Moon is a multi-layered piece of genuine haute horlogerie, featuring openwork flourishes on the hour markers, the dial, vertical bridges and even on the lugs. The hour markers in Roman numerals — a first for the Ateliers — have a satin, diamond-studded finish that’s meant to reflect the blue flange around them. This touch, according to Louis Moinet, evokes the cosmos. Well, the numerals do appear to float in mid-air, giving them a spacey, weightless vibe.
Beneath the watch’s openworked dial — a large aperture is located between 8 o’clock and 12 o’clock — is displayed the caliber’s escapement (the balance of which oscillates at 28,800vph). A skeletonized small second subdial at 9 o’clock “floats” above a portion of this aperture, but in no way does it obscure the view of the beating movement below it. All this is housed in Louis Moinet’s 43.2-millimeter Neo case that’s propped by two vertical bridges spanning the watch. Hollow lugs cap the foot of the bridges.
As a timepiece christened Moon (and which pays homage to Verne’s work) the watch has a dial that’s a faithful reproduction of a section of the lunar surface. Depicted on the brass dial are the most visible craters on the moon — Gassendi, Cassini and Tycho, with this last one described in detail in Around the Moon.
And the watch’s moon theme isn’t merely evocative, too; mounted on the dial at 3 o’clock is a small capsule containing a genuine lunar meteorite fragment.
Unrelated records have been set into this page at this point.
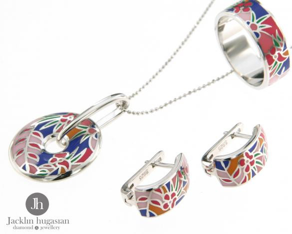 Комплект пръстен, колие и обеци от "Jacklin hugasian" в сребро с разноцветен емайл. Дължина колие 50 см. Дължина обеци 1.7 см., широчина обеци 0.7 см. Колекция "TITI".
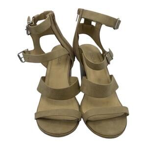 SODA Y2K Womens Block Heels Strappy Sandals Buckles SIZE 8.5 Beige
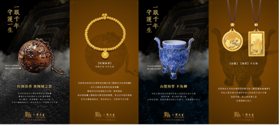 隨著民族文化自信高揚,東方美學消費力量不斷崛起,從故宮到敦煌,以中國傳統(tǒng)文化為核心的“國潮”在品牌營銷領域展示著迷人風采,這意味著“文創(chuàng)IP的國潮時尚”已蔚然成風。在此形勢下,周大生與《國家寶藏》強強聯(lián)合,重磅打造“中國國寶藝術典藏金品”,并根據(jù)消費者對黃金首飾消費的個性化需求,以一曰“國”、二曰“家”、三曰“藏”為情景風格設定,打造“國韻”、“家慶”以及“藏器”三大系列主題的時尚古法黃金產品,通過現(xiàn)代珠寶藝術讓國人更好的“傾聽和讀懂”千年的國寶文化,同時也為新一代消費者提供更多富有旗幟性文化標識和情感內涵的時尚潮搭首飾。
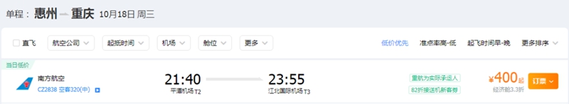 惠州飛往重慶機票價格最低為400元
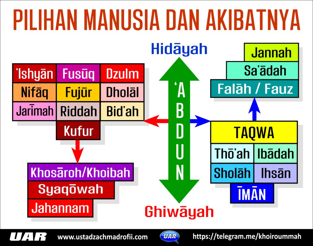 Apabila sang Manusia sadar (memperoleh Hidãyah) untuk apa dirinya diciptakan, lalu ia pun berjuang dan ber-Amal Shōlih sesuai tuntunan Pencipta dirinya; sehingga selama di dunia ia pun memilih pilihan-pilihan hidupnya untuk selalu berusaha menjadi golongan Hamba yang Taat (bagian kanan Gambar #1), maka dengan “mahar” berupa: 1) Imãn, 2) Ihsãn, 3) Sholãh (Sholat), 4) Ibãdah, 5) Thō’ah (Taat pada Allōh dan Rosũl-Nya), serta 6) Taqwa; maka sebagai balasannya ia di Akherat kelak berhak atas: 1) Falãh / Fauz (orang yang menikmati Surga), 2) Sa’ãdah (bahagia abadi), dan 3) Jannah (Surga).
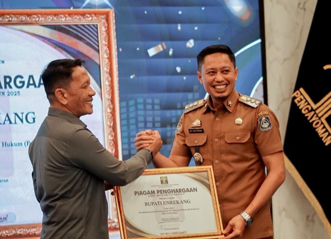 Enrekang, Katasulsel.com — Bupati Enrekang H. Muh. Yusuf Ritangnga menerima penghargaan dari Menteri Hukum dan Hak Asasi Manusia (HAM) RI atas komitmen Pemerintah Kabupaten Enrekang dalam membentuk Pos Bantuan Hukum (Posbakum).
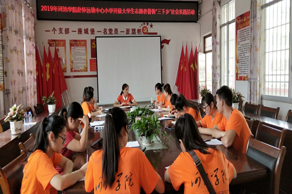 团队成员在前期做了大量准备工作的前提下,本次“三下乡”实践活动于2019年7月14日上午八点半正式启动。小组成员分成两组,主要用调查问卷法、实地走访、实地考察与面谈法等形式深入宜州怀远镇开展调研活动,分别从教育、医疗、扶贫产业等环节进行,以怀远镇小学相关负责人、群众、村委、卫生所、卫生扶贫基地等为对象,充分深刻了解怀远镇情况。同学们通过对宜州市怀远镇附近村乡村振兴发展状况进行考察分析和整合,并观察农民的生活环境及国家给他们的优惠政策。通过了解基础设施建设、医疗设施、教育、农业等方面等的改善变化,对怀远镇的乡村经济发展进行考察研究,探讨出更好的发展建议。

Completing the tribute piece is an equally stunning and well-thought-out touch. The Moon is presented in a case made to look like the first edition of the Around the Moon book. Still, a second Moon presentation case has been considered. This one will be rendered in the shape of a lunar crater, in the middle of which will display another piece of lunar meteorite.
Such touches should make one reach for the moon.